<<<<

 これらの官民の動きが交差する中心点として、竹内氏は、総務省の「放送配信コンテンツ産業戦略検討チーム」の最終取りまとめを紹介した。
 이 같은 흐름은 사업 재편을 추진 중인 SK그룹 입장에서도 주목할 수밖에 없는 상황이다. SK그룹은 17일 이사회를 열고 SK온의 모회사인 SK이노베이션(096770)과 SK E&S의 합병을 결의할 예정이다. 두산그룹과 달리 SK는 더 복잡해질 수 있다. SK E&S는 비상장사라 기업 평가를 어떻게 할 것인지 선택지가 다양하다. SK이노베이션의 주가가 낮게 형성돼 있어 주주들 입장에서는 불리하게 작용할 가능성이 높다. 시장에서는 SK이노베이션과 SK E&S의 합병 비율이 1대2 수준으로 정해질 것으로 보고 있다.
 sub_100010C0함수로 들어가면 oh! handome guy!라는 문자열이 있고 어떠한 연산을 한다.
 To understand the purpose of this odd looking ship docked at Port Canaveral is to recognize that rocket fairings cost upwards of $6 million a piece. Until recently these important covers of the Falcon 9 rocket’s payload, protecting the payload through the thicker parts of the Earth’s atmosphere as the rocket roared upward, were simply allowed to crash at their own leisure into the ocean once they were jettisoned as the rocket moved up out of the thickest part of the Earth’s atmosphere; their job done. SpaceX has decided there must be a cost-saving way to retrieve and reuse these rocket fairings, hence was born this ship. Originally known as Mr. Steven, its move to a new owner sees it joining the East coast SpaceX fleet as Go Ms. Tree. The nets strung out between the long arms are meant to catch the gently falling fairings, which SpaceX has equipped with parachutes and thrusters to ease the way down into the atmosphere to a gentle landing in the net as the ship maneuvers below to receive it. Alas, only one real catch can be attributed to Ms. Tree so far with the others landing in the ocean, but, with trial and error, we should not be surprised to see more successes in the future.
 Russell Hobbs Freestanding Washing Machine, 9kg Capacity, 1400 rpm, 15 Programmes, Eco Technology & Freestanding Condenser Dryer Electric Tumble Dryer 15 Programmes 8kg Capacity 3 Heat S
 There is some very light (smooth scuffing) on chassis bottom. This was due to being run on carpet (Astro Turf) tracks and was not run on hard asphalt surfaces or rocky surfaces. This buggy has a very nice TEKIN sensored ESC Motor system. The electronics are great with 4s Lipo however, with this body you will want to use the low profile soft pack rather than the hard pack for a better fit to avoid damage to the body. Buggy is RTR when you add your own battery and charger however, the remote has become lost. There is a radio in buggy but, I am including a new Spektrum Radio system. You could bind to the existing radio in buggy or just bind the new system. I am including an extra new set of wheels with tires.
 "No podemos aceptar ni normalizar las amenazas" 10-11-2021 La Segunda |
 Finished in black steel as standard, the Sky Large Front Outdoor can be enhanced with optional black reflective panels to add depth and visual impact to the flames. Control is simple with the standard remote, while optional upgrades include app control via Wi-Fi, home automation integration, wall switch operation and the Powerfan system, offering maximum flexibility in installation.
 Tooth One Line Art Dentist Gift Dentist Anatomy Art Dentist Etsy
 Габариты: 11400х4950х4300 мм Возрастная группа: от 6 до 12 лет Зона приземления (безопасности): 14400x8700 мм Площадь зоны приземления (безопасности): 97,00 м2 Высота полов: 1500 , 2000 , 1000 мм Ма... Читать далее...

>>>>

→ **Task item**
Retype the listing above in full, with no alterations.

→ **Result of the exercise**
 これらの官民の動きが交差する中心点として、竹内氏は、総務省の「放送配信コンテンツ産業戦略検討チーム」の最終取りまとめを紹介した。
 이 같은 흐름은 사업 재편을 추진 중인 SK그룹 입장에서도 주목할 수밖에 없는 상황이다. SK그룹은 17일 이사회를 열고 SK온의 모회사인 SK이노베이션(096770)과 SK E&S의 합병을 결의할 예정이다. 두산그룹과 달리 SK는 더 복잡해질 수 있다. SK E&S는 비상장사라 기업 평가를 어떻게 할 것인지 선택지가 다양하다. SK이노베이션의 주가가 낮게 형성돼 있어 주주들 입장에서는 불리하게 작용할 가능성이 높다. 시장에서는 SK이노베이션과 SK E&S의 합병 비율이 1대2 수준으로 정해질 것으로 보고 있다.
 sub_100010C0함수로 들어가면 oh! handome guy!라는 문자열이 있고 어떠한 연산을 한다.
 To understand the purpose of this odd looking ship docked at Port Canaveral is to recognize that rocket fairings cost upwards of $6 million a piece. Until recently these important covers of the Falcon 9 rocket’s payload, protecting the payload through the thicker parts of the Earth’s atmosphere as the rocket roared upward, were simply allowed to crash at their own leisure into the ocean once they were jettisoned as the rocket moved up out of the thickest part of the Earth’s atmosphere; their job done. SpaceX has decided there must be a cost-saving way to retrieve and reuse these rocket fairings, hence was born this ship. Originally known as Mr. Steven, its move to a new owner sees it joining the East coast SpaceX fleet as Go Ms. Tree. The nets strung out between the long arms are meant to catch the gently falling fairings, which SpaceX has equipped with parachutes and thrusters to ease the way down into the atmosphere to a gentle landing in the net as the ship maneuvers below to receive it. Alas, only one real catch can be attributed to Ms. Tree so far with the others landing in the ocean, but, with trial and error, we should not be surprised to see more successes in the future.
 Russell Hobbs Freestanding Washing Machine, 9kg Capacity, 1400 rpm, 15 Programmes, Eco Technology & Freestanding Condenser Dryer Electric Tumble Dryer 15 Programmes 8kg Capacity 3 Heat S
 There is some very light (smooth scuffing) on chassis bottom. This was due to being run on carpet (Astro Turf) tracks and was not run on hard asphalt surfaces or rocky surfaces. This buggy has a very nice TEKIN sensored ESC Motor system. The electronics are great with 4s Lipo however, with this body you will want to use the low profile soft pack rather than the hard pack for a better fit to avoid damage to the body. Buggy is RTR when you add your own battery and charger however, the remote has become lost. There is a radio in buggy but, I am including a new Spektrum Radio system. You could bind to the existing radio in buggy or just bind the new system. I am including an extra new set of wheels with tires.
 "No podemos aceptar ni normalizar las amenazas" 10-11-2021 La Segunda |
 Finished in black steel as standard, the Sky Large Front Outdoor can be enhanced with optional black reflective panels to add depth and visual impact to the flames. Control is simple with the standard remote, while optional upgrades include app control via Wi-Fi, home automation integration, wall switch operation and the Powerfan system, offering maximum flexibility in installation.
 Tooth One Line Art Dentist Gift Dentist Anatomy Art Dentist Etsy
 Габариты: 11400х4950х4300 мм Возрастная группа: от 6 до 12 лет Зона приземления (безопасности): 14400x8700 мм Площадь зоны приземления (безопасности): 97,00 м2 Высота полов: 1500 , 2000 , 1000 мм Ма... Читать далее...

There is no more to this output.